WHAT THE TASK REQUIRES
Please transcribe the data exactly as shown, skipping the images.

### DATA RECORDS

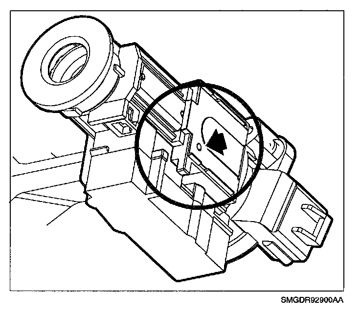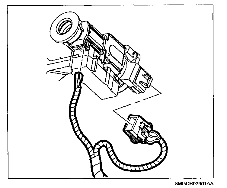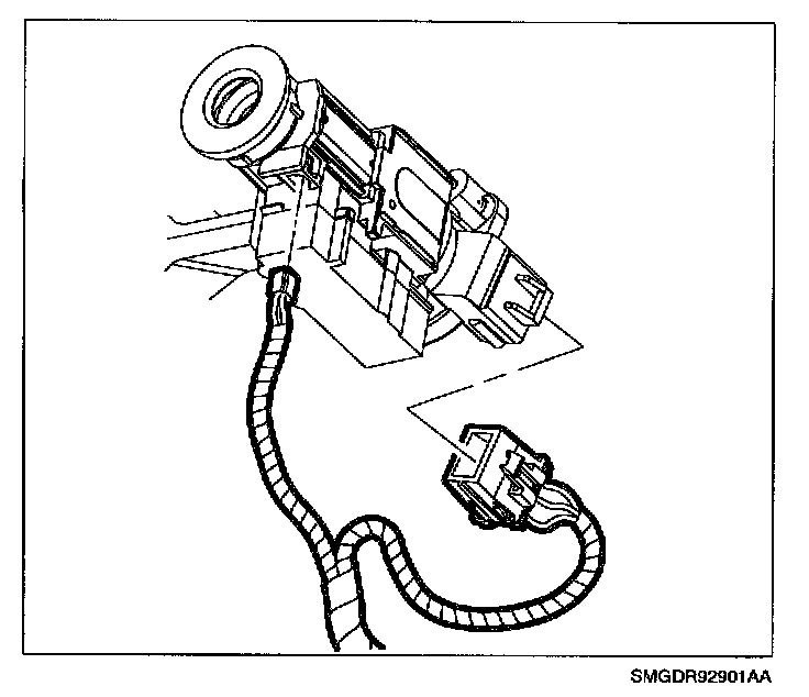 9. Pull ignition module assembly from steering column to access ignition switch connector and park lock cable. Remove ignition switch and disconnect park lock cable from ignition module.
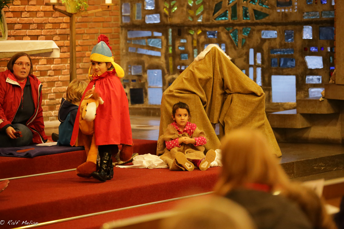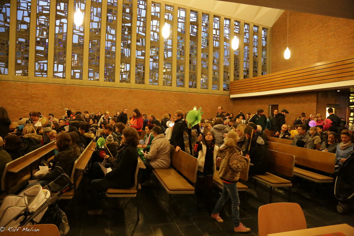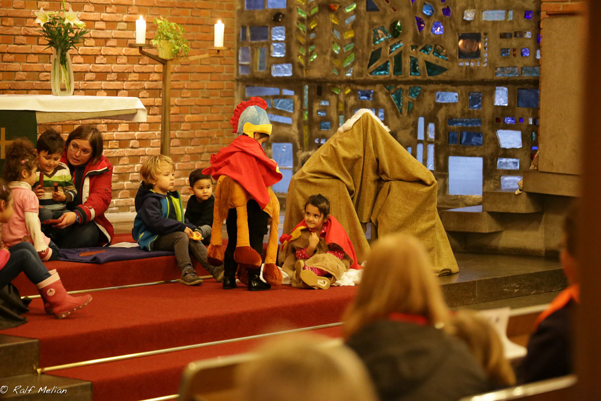 In diesem Jahr war es aber etwas anders, da die katholische Gemeinde Herz Jesu Hüllen auch an diesem Umzug teilnahm und die Legende vom St. Martin durch den Kindergarten in der evangelischen Lutherkirche aufführte.
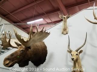 Bill Lee lifetime collection of award winning trophy taxidermy mounts! Includes: Bears, Hyena, Giraffe, Timberwolf, Moose, Caribou, Elk, Kudu, Cape Buffalo, Springbok, Axis Deer, Rusa Deer, Sable Antelope & More! Full bodied mounts, shoulder mounts, antlers, skulls, pelts and a few firearms.
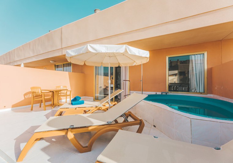 Zimmer mit Balkon oder Terrasse, verlässlicher Basisausstattung und optionalem privatem Plunge Pool bieten Rückzugsraum. Das Spa mit beheiztem Meerwasserpool, die ganzjährig temperierten Pools und das breite Sportangebot runden Euren Aufenthalt in den Ferien ab – klar, nah und komfortabel organisiert.
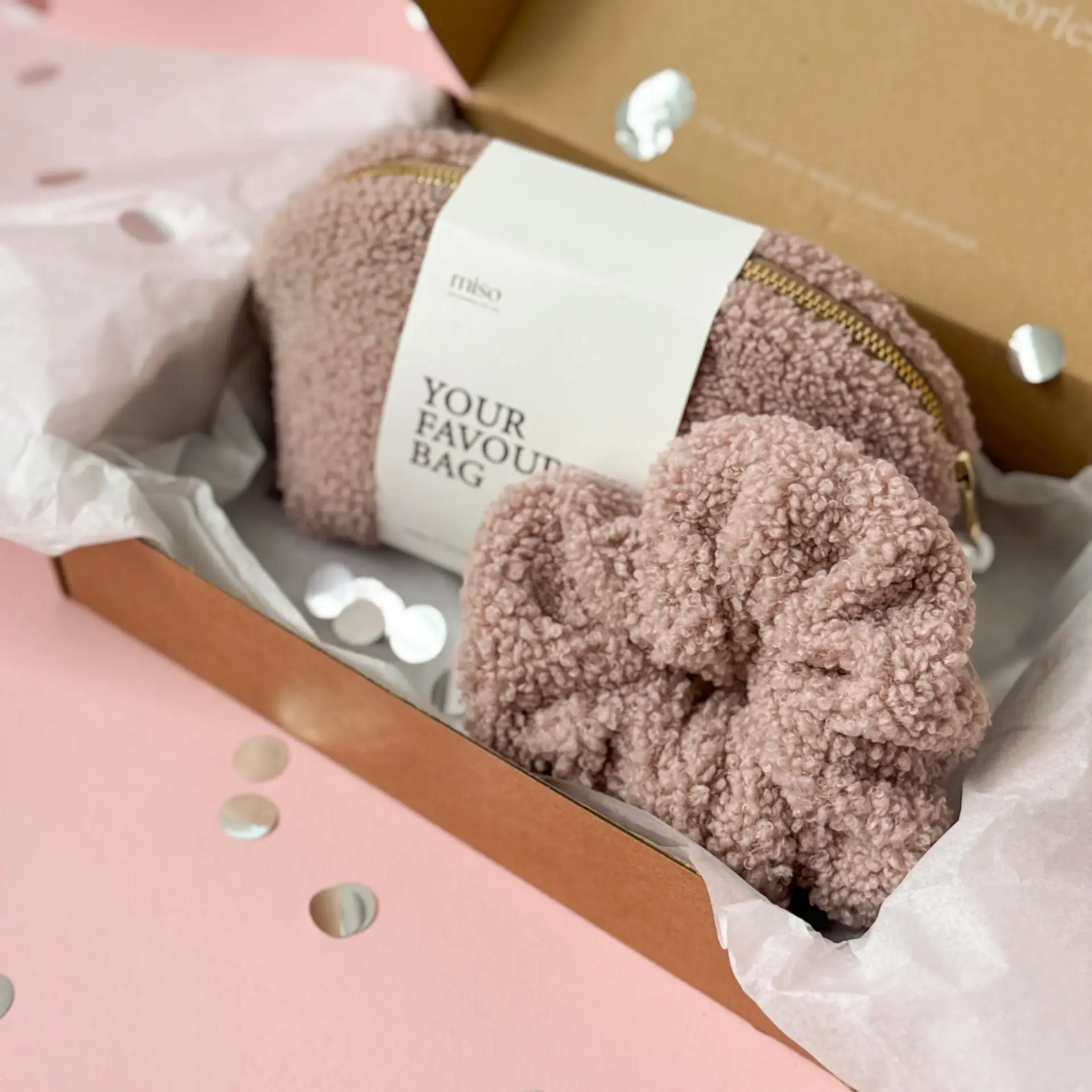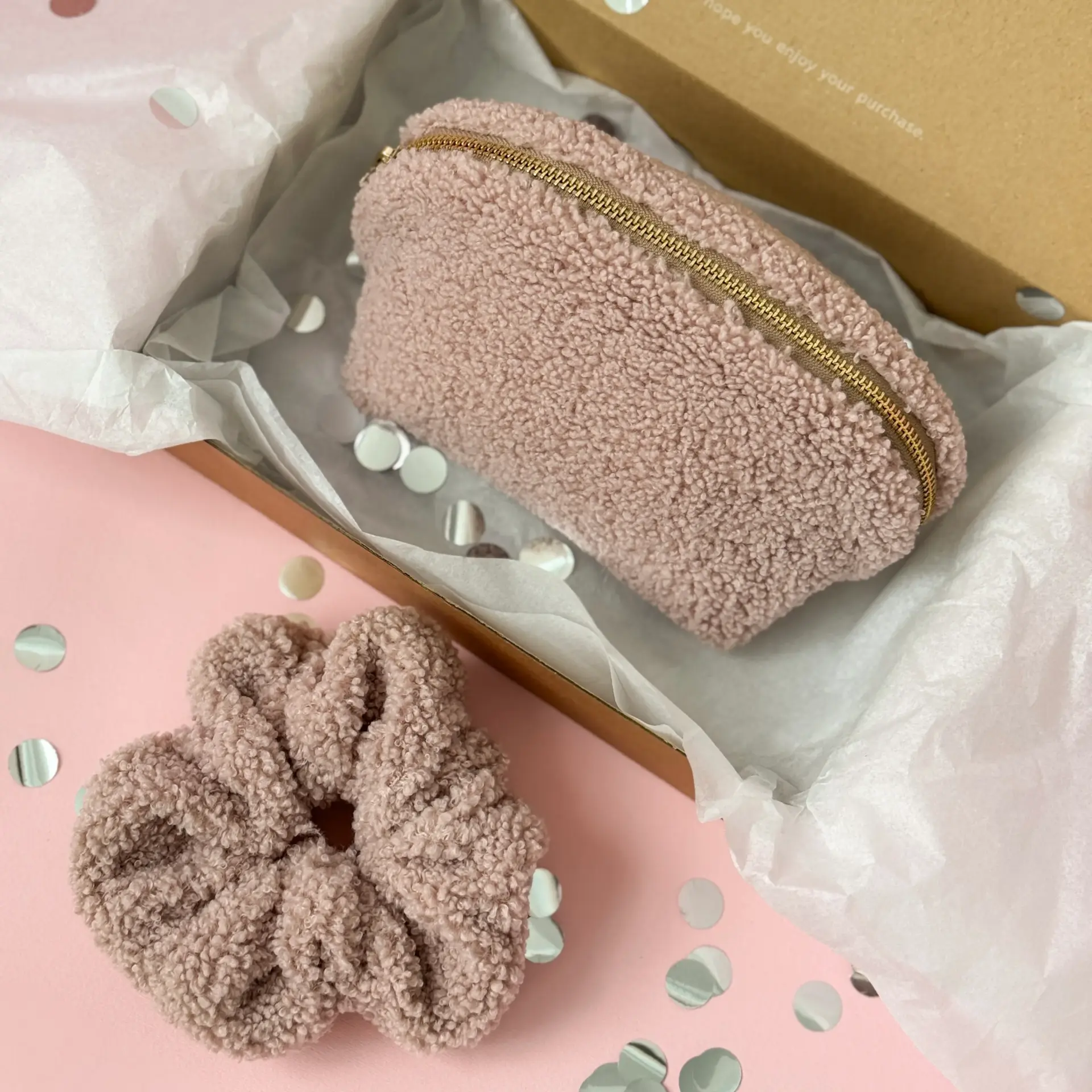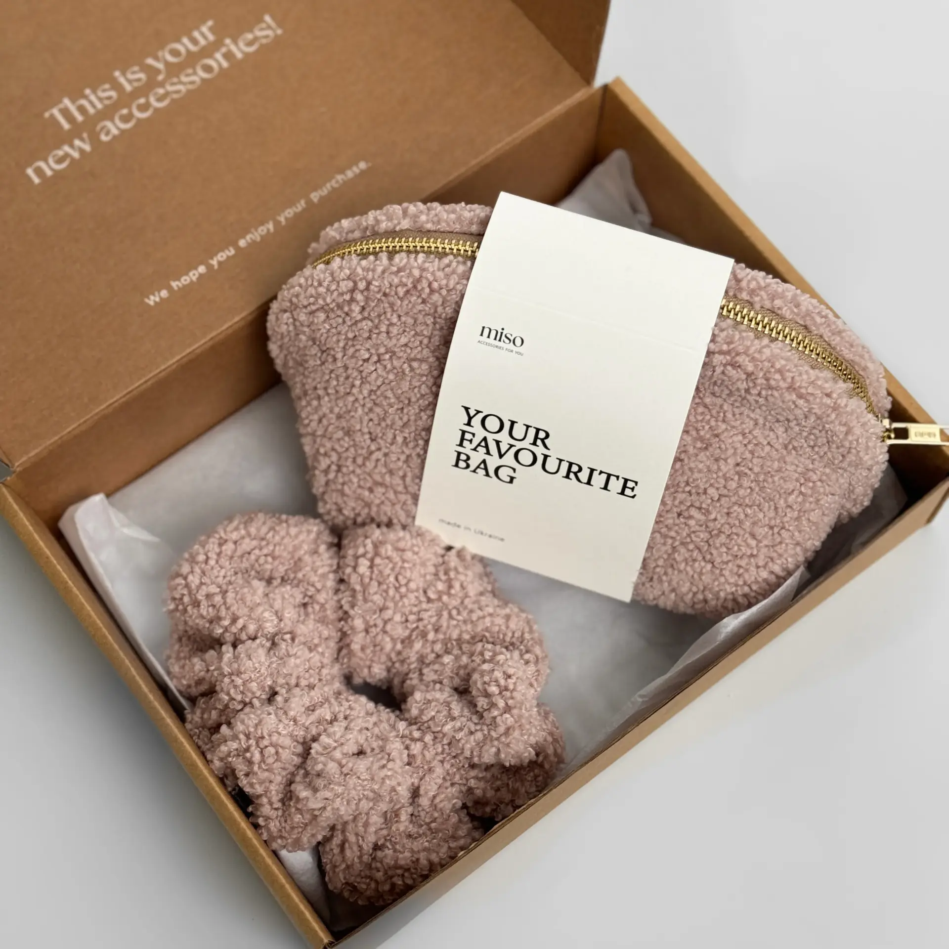 Набір Тедді резинка та мала косметичка колір пудра

######

YOUR SOLUTION
 9. Pull ignition module assembly from steering column to access ignition switch connector and park lock cable. Remove ignition switch and disconnect park lock cable from ignition module.
 In diesem Jahr war es aber etwas anders, da die katholische Gemeinde Herz Jesu Hüllen auch an diesem Umzug teilnahm und die Legende vom St. Martin durch den Kindergarten in der evangelischen Lutherkirche aufführte.
 Bill Lee lifetime collection of award winning trophy taxidermy mounts! Includes: Bears, Hyena, Giraffe, Timberwolf, Moose, Caribou, Elk, Kudu, Cape Buffalo, Springbok, Axis Deer, Rusa Deer, Sable Antelope & More! Full bodied mounts, shoulder mounts, antlers, skulls, pelts and a few firearms.
 Zimmer mit Balkon oder Terrasse, verlässlicher Basisausstattung und optionalem privatem Plunge Pool bieten Rückzugsraum. Das Spa mit beheiztem Meerwasserpool, die ganzjährig temperierten Pools und das breite Sportangebot runden Euren Aufenthalt in den Ferien ab – klar, nah und komfortabel organisiert.
 Набір Тедді резинка та мала косметичка колір пудра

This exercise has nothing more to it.